-------- The input

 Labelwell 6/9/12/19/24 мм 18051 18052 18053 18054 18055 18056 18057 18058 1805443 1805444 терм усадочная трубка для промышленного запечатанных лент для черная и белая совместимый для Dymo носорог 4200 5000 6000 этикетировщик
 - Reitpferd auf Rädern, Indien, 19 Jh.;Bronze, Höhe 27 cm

----------------
-------- The input

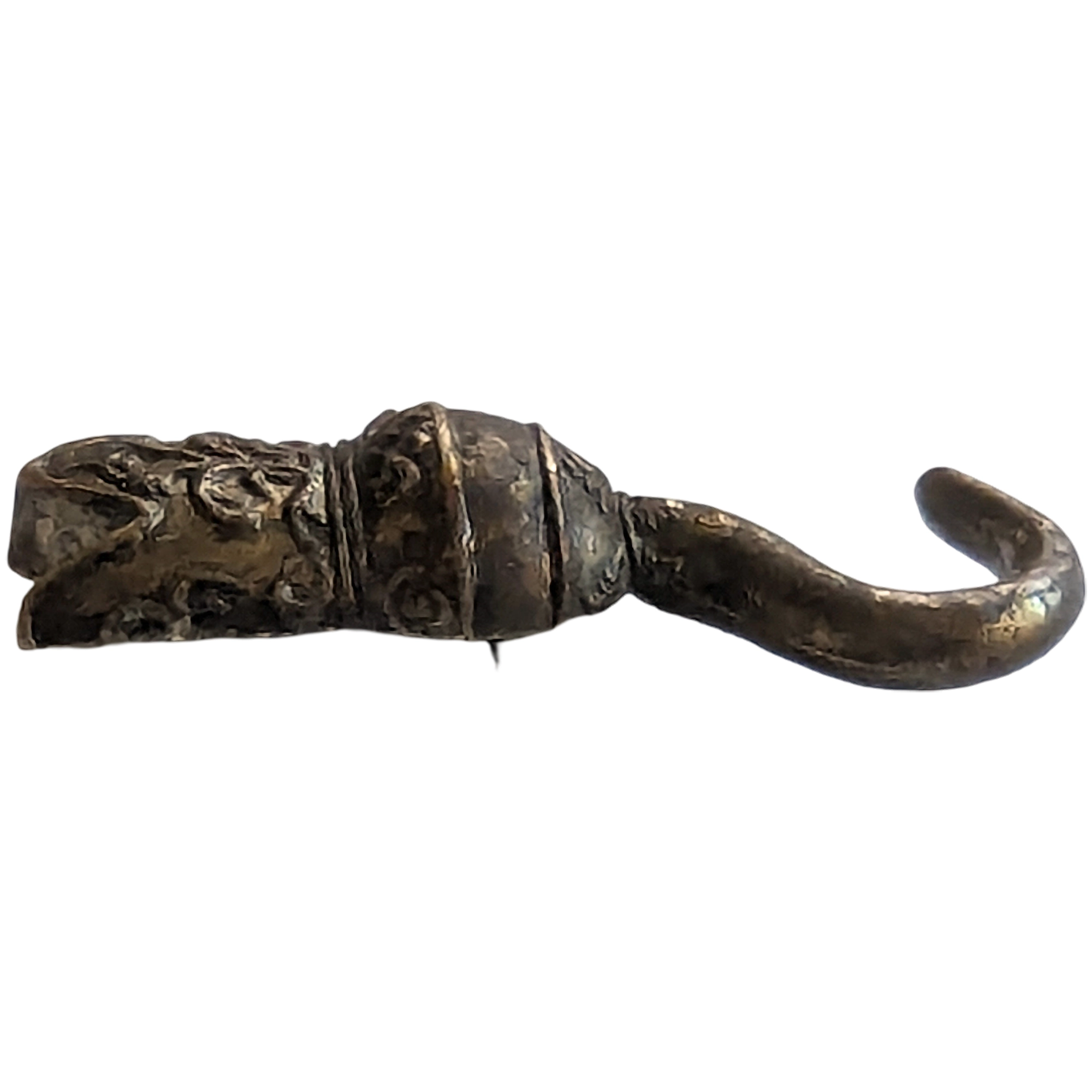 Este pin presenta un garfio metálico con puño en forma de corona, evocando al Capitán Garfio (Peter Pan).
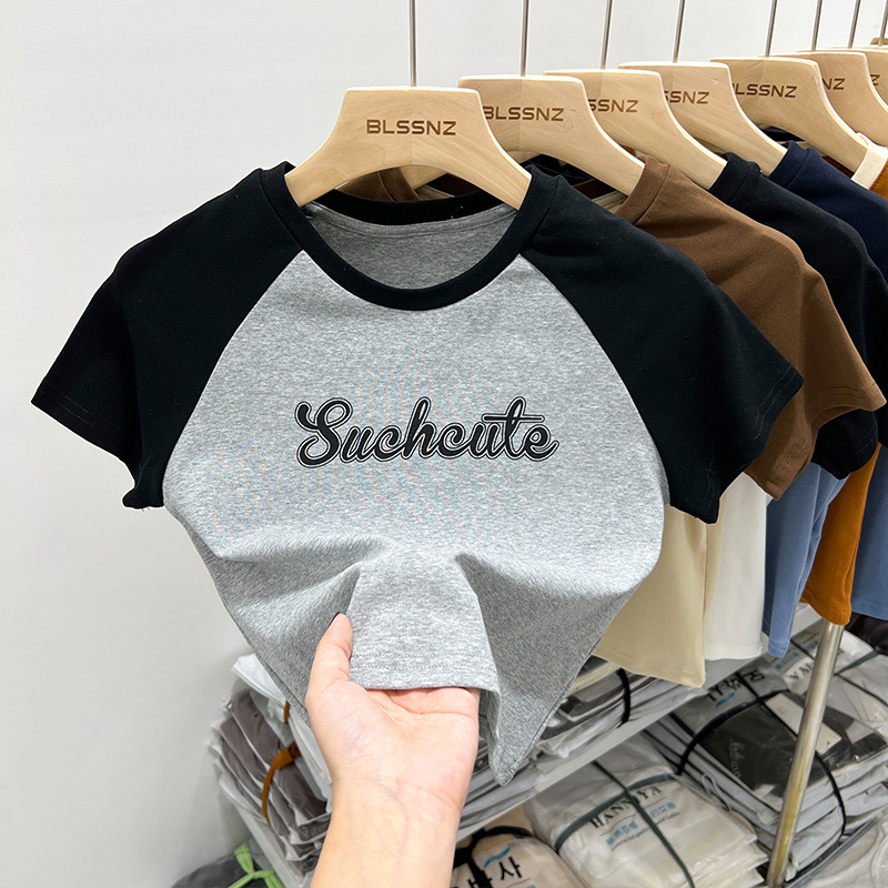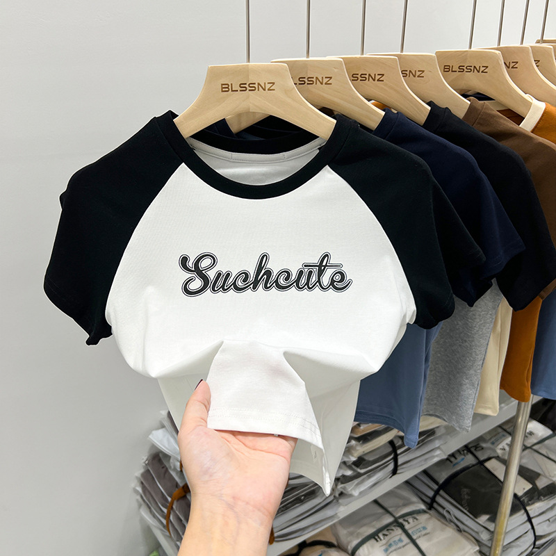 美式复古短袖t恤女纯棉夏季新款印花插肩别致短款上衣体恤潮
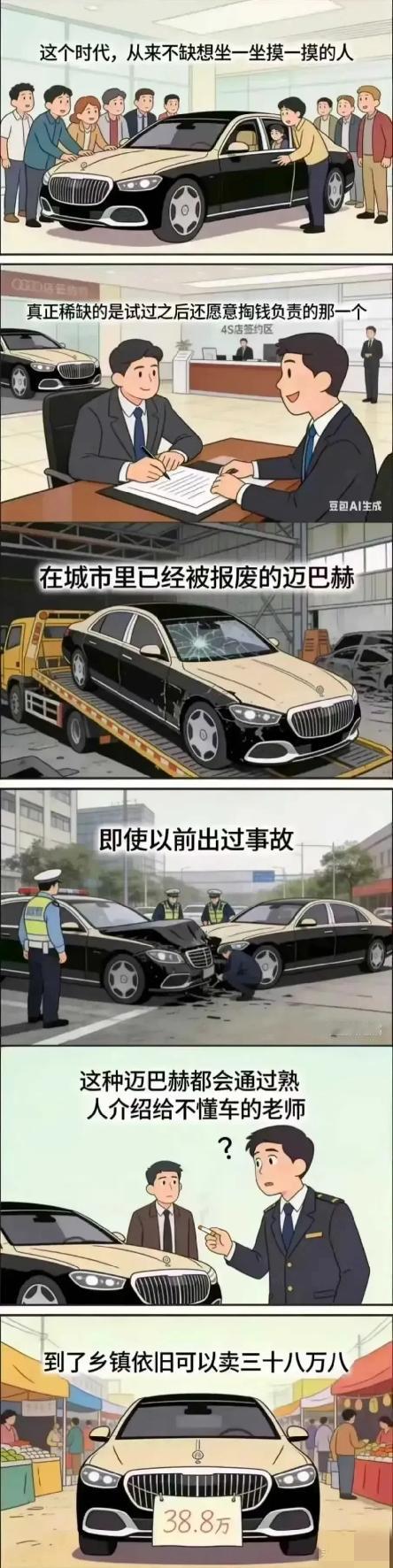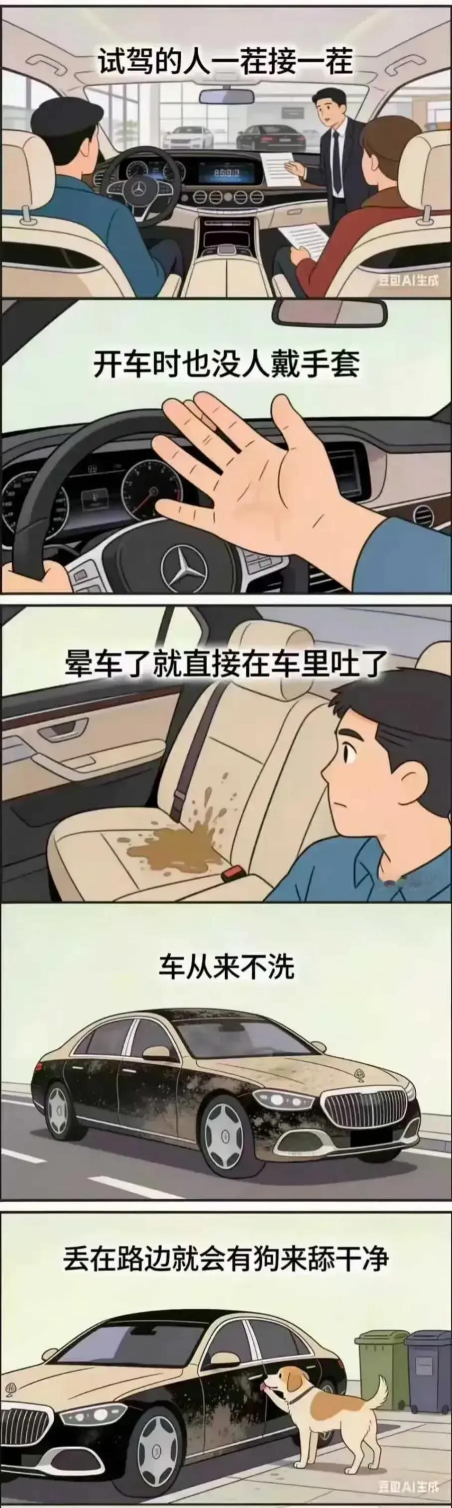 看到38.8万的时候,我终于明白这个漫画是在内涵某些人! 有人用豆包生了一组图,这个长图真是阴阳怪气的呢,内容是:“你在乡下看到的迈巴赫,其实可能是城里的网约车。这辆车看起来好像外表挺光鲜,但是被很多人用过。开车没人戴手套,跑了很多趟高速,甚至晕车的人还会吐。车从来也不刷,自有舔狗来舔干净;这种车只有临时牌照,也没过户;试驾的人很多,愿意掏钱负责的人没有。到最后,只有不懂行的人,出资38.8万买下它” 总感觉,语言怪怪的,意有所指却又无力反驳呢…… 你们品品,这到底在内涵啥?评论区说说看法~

----------------

Reproduce exactly, and only, the part of the listing above that begins at the line with "Labelwell 6/9/12/19/24 мм" and goes on through the line with "- Reitpferd auf".

> **Task response**
 Labelwell 6/9/12/19/24 мм 18051 18052 18053 18054 18055 18056 18057 18058 1805443 1805444 терм усадочная трубка для промышленного запечатанных лент для черная и белая совместимый для Dymo носорог 4200 5000 6000 этикетировщик
 - Reitpferd auf Rädern, Indien, 19 Jh.;Bronze, Höhe 27 cm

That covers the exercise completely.